The data:

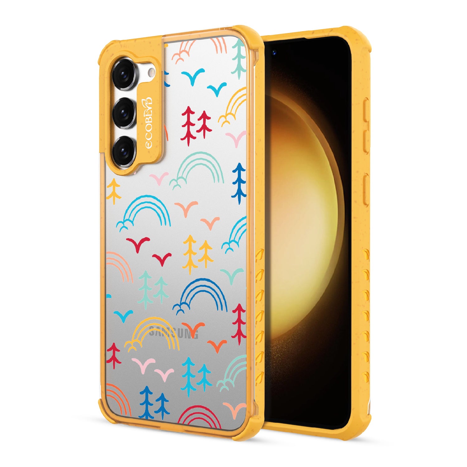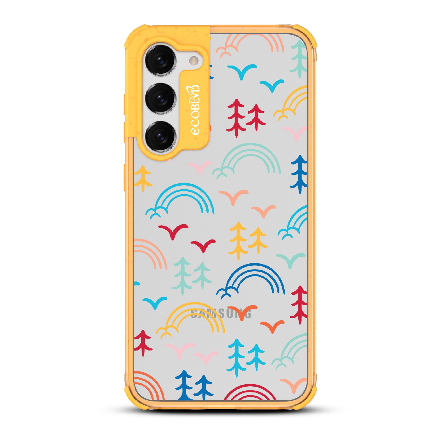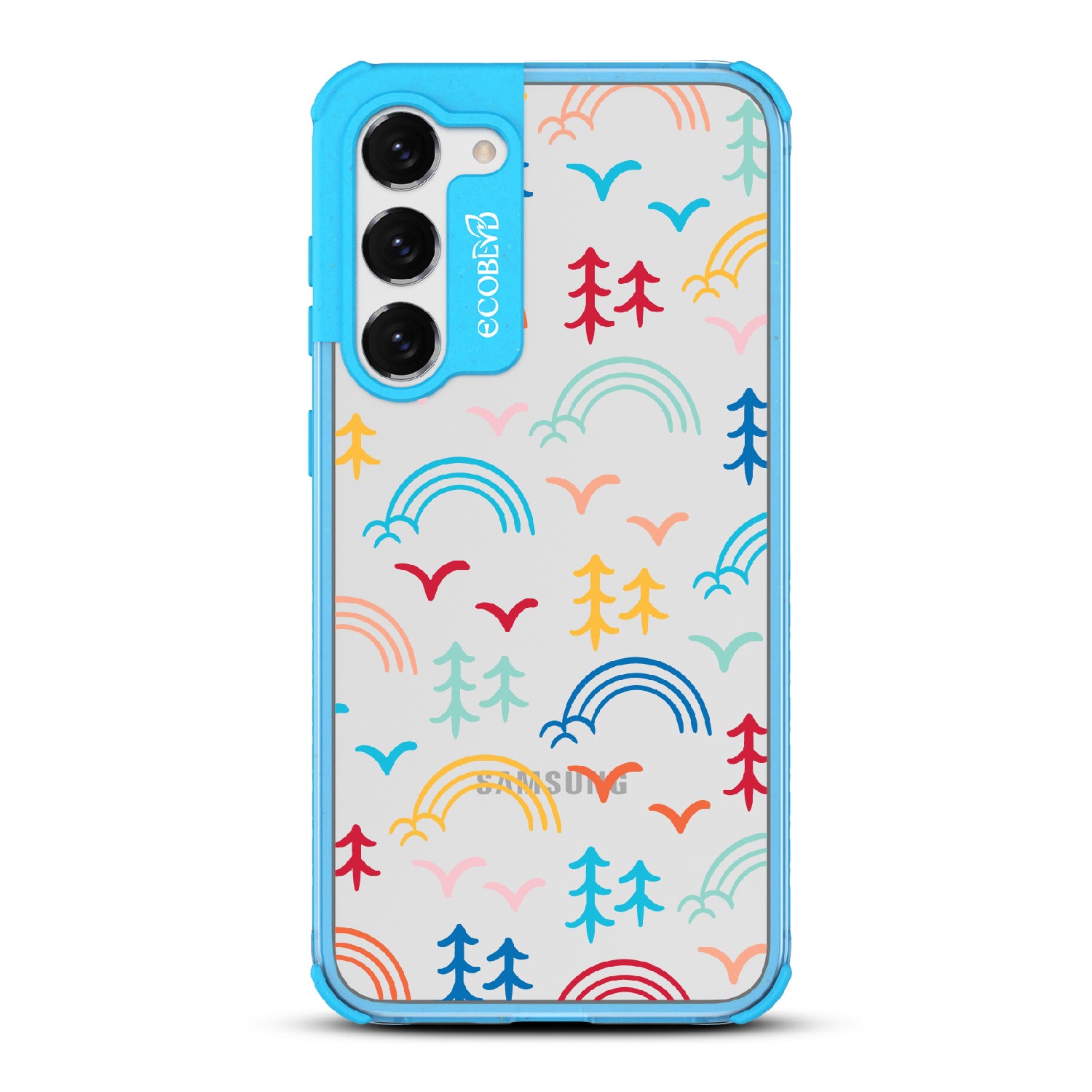 Experience the magic of camp life wherever you go with the Happy Camper x Brave Trails phone case for Galaxy S23 Plus. Its captivating minimalist illustrations of trees, birds, rainbows, and clouds transport you to a world of adventure and camaraderie. The vibrant palette of colors captures the spirit of togetherness and celebrates the diversity that makes each journey unique. Carry this whimsical masterpiece with you and let it ignite the fire of exploration, friendship, and self-discovery in your heart.
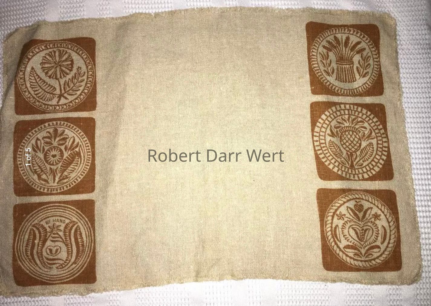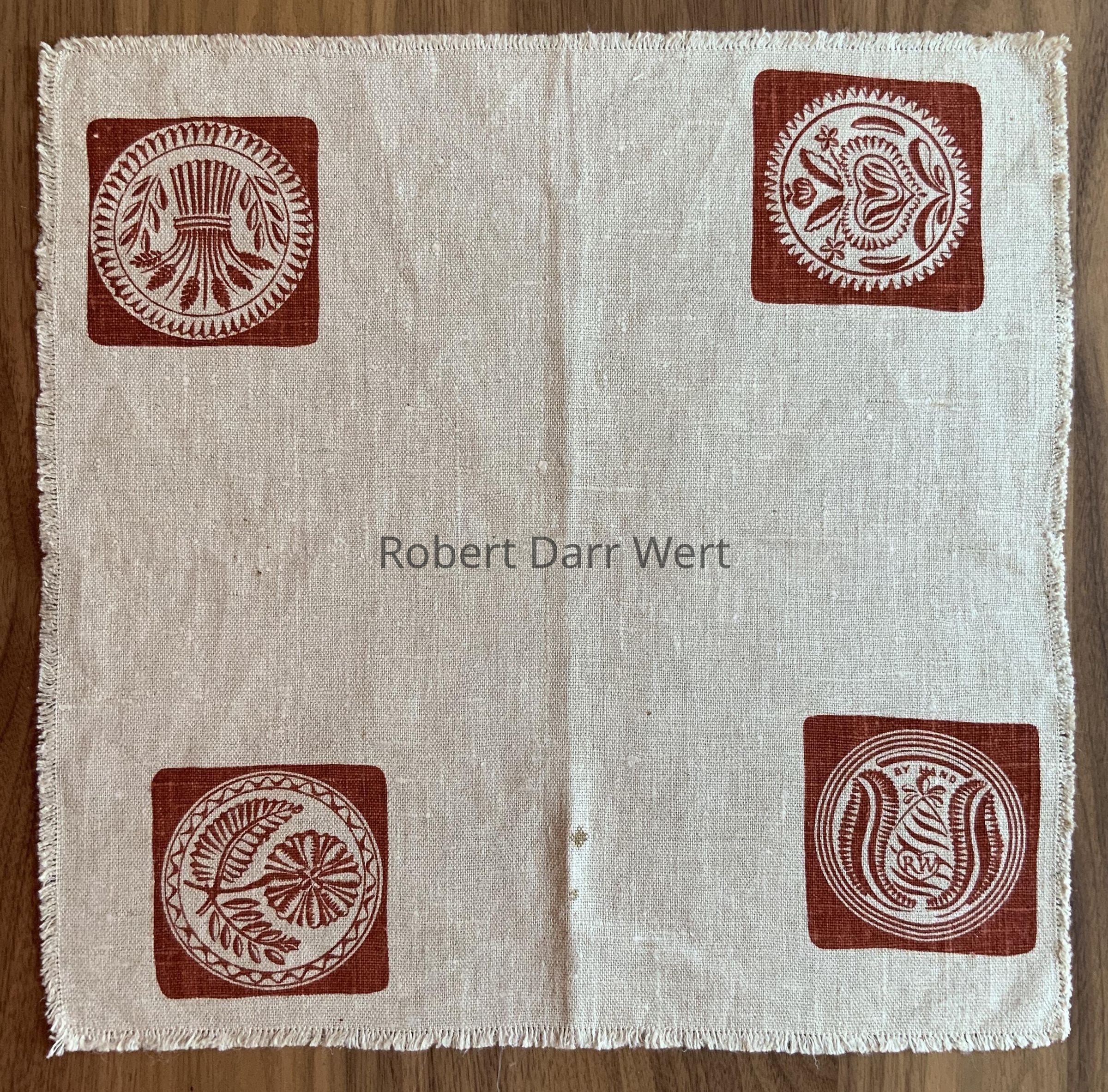 A napkin with a one-color silkscreen print on natural linen depicting four round carved wood butter mold designs set within square fields.
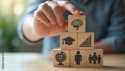 A hand carefully places a wooden block adorned with a brain icon atop a pyramid of similar blocks, each representing concepts like education, growth, and community. This image captures the essence of
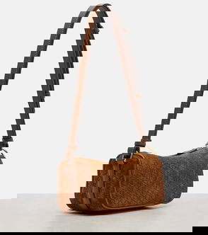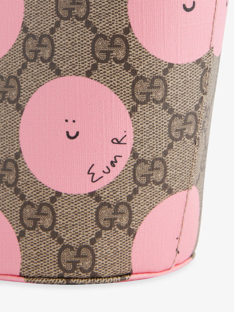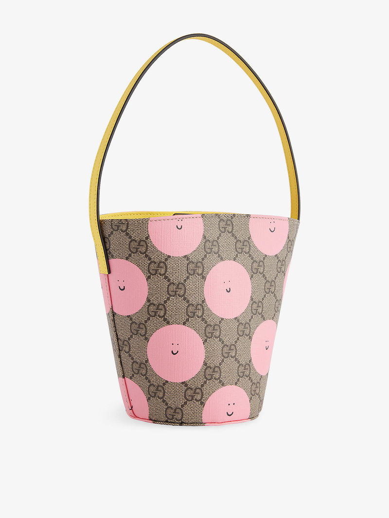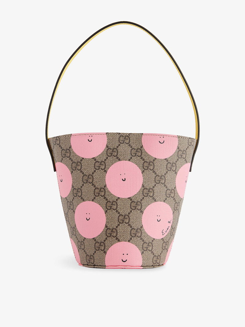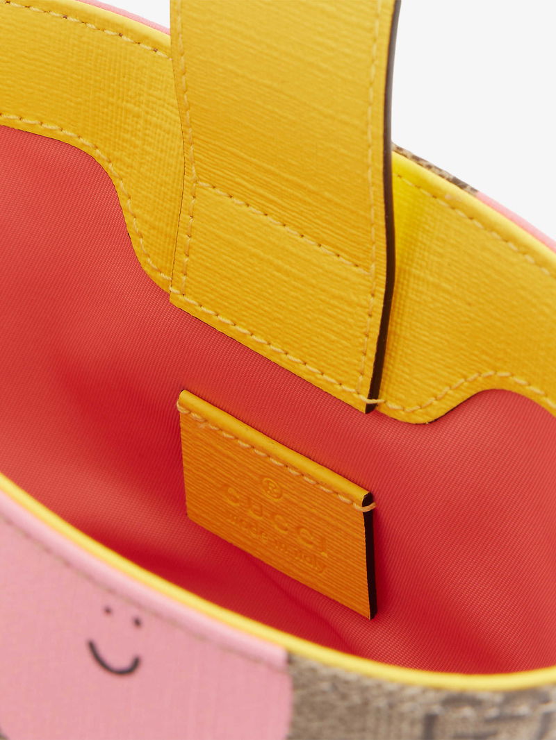 Gucci canvas top handle bag. Bucket shape, top handle, all-over smiling sun print, all-over monogram print, canvas texture, contrast leather trims, silver-toned hardware, one main compartment, internal brand patch, fully lined.
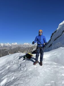 My physical and mental stamina were truly put to the test during the last hour that I can recall. We had already ascended to a height of around 6000 meters, and the air had become thinner. Every two to three minutes, I would have to catch my breath. I was growing impatient and wanted to get to the top so that the wretched ascent could stop. On multiple instances, I’d been extremely close to giving up before talking myself out of it. I kept telling myself that it would be a shame to give up as I was only a few meters from the summit. I held my cool and took deep breaths. My uncle recommended deep breathing to me, saying it helped him in climbing Mount Everest. At precisely 7 a.m. on May 30, 2024, I finally reached the summit of Mount Lobuje East after much exertion and mental encouragement. My guide offered me to also climb the Lobuje West Peak, which would have required an additional hour of climbing and an additional 100 meters of altitude. To reach Lobuche West, one had to traverse a 20-meter crevasse and then ascend a straight wall. Since there were no ladders available, the only way to bridge a crevasse was to jump, and I didn’t think I had the strength to jump 20 meters without falling into the crevasse. I now regret turning him down and believe that I should have taken my chances.
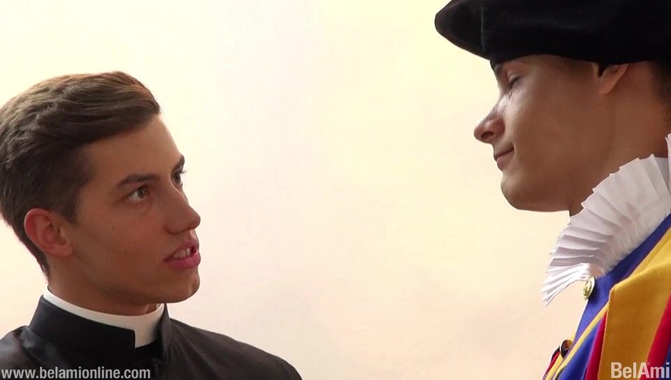 Our young Brother Massimo arrives as Monsignor Fellatione is receiving his divine dicking from Guardsman Leccari. Finding Captain Penitrati forsaken, the two adjourn for their own rapturous rendezvous.
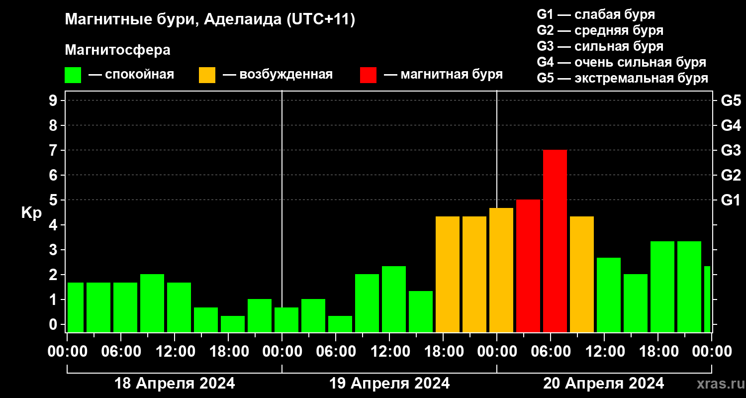 Магнитные бури в Аделаиде 20 апреля 2024 года

Work request:
Reproduce the data above exactly, but only from the line containing "A hand carefully" through the line containing "My physical and". Omit all pictures.

Exercise result:
 A hand carefully places a wooden block adorned with a brain icon atop a pyramid of similar blocks, each representing concepts like education, growth, and community. This image captures the essence of
 Gucci canvas top handle bag. Bucket shape, top handle, all-over smiling sun print, all-over monogram print, canvas texture, contrast leather trims, silver-toned hardware, one main compartment, internal brand patch, fully lined.
 My physical and mental stamina were truly put to the test during the last hour that I can recall. We had already ascended to a height of around 6000 meters, and the air had become thinner. Every two to three minutes, I would have to catch my breath. I was growing impatient and wanted to get to the top so that the wretched ascent could stop. On multiple instances, I’d been extremely close to giving up before talking myself out of it. I kept telling myself that it would be a shame to give up as I was only a few meters from the summit. I held my cool and took deep breaths. My uncle recommended deep breathing to me, saying it helped him in climbing Mount Everest. At precisely 7 a.m. on May 30, 2024, I finally reached the summit of Mount Lobuje East after much exertion and mental encouragement. My guide offered me to also climb the Lobuje West Peak, which would have required an additional hour of climbing and an additional 100 meters of altitude. To reach Lobuche West, one had to traverse a 20-meter crevasse and then ascend a straight wall. Since there were no ladders available, the only way to bridge a crevasse was to jump, and I didn’t think I had the strength to jump 20 meters without falling into the crevasse. I now regret turning him down and believe that I should have taken my chances.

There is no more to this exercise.